Single by The O'Kaysions

from the album Girl Watcher
- B-side: "Deal Me In"
- Released: March 1968 (Original US release) June 1968 (Second US release)
- Genre: Blue-eyed soul
- Length: 2:35
- Label: ABC
- Songwriters: Ronald B. Killette, Wayne Pittman
- Producer: North State Music

The O'Kaysions singles chronology
|  | "Girl Watcher" (1968) | "Love Machine" (1968) |

= Girl Watcher =

"Girl Watcher" is a song written by Ronald B. Killette and Wayne Pittman and performed by The O'Kaysions. It was produced by North State Music.

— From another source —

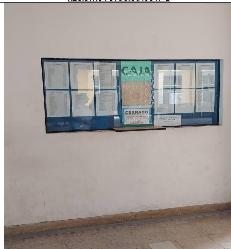
Área de Caja en la Unidad de Admisión se encuentra cerrada.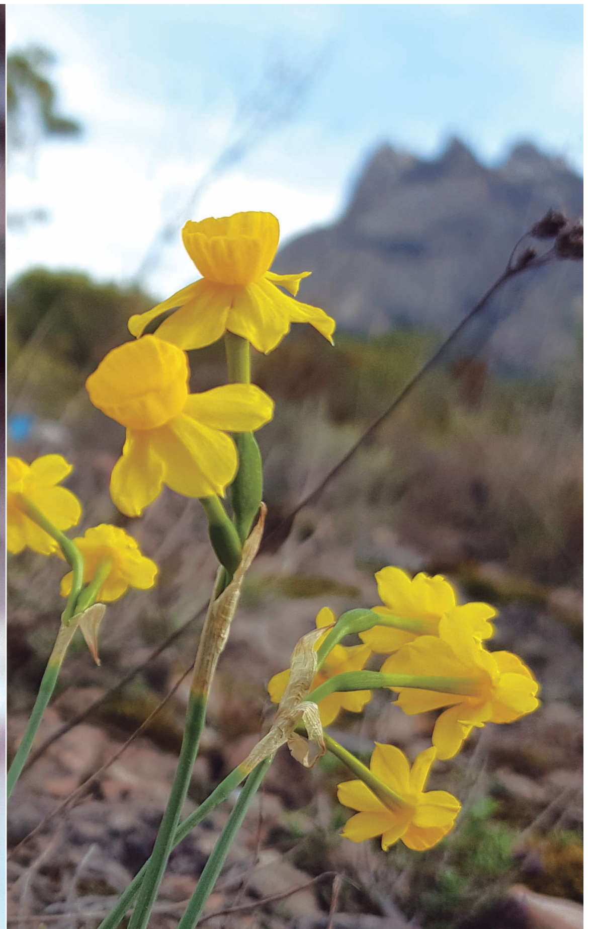
Almesquí ( Narcissus assoanus Dufour ). Floreix al febrer i, en segons quin lloc de la muntanya s'allarga fins al maig. És el narcís més senzill. Apareix abundantment a les codines eixutes i assolades dels relleus rocosos de la part alta de la muntanya.

The single was first released in March 1968 on North State Records, but it did not become a hit until re-released in June 1968 on ABC Records.

"Girl Watcher" received gold record status for a million sales from the R.I.A.A. in December 1968.

==Chart performance==
It reached No.5 on the Billboard Hot 100 and #6 on the Billboard Hot Rhythm & Blues Singles chart in 1968 and was featured on the group's 1968 album, Girl Watcher.

The single ranked No.45 on the Billboard Year-End Hot 100 singles of 1968.
==Certifications==

Certifications for "Girl Watcher"
| Region | Certification | Certified units/sales |
| United States (RIAA) | Gold | 1,000,000^{^} |
^{^} Shipments figures based on certification alone.

==Other versions==
- Tam White, as a single in 1968 in the UK.
- In the '80s, the long-running syndicated game show Wheel of Fortune commissioned a promotional version with adapted lyrics titled "I'm a Wheel Watcher" and was also used on the show itself when Vanna White was introduced. The Italian version titled La Ruota Della Fortuna ("The Wheel of Fortune") has a theme song called "Gira la Ruota" ("Spin the Wheel") that sounds very similar to "I'm a Wheel Watcher", which could've been the inspiration for it was used from 1995 until 2009.
- Spontaneous Combustion, on their 2004 album Strike Anywhere.
- Beau Jocque and the Zydeco Hi-Rollers, with the title "I'm a Girl Watcher", on the 1999 album Zydeco Giant.
- In the Nickelodeon show Zoey 101 episode "Dance Contest", the song is remade to "I'm a Contender" by Scott Bennett in 2007.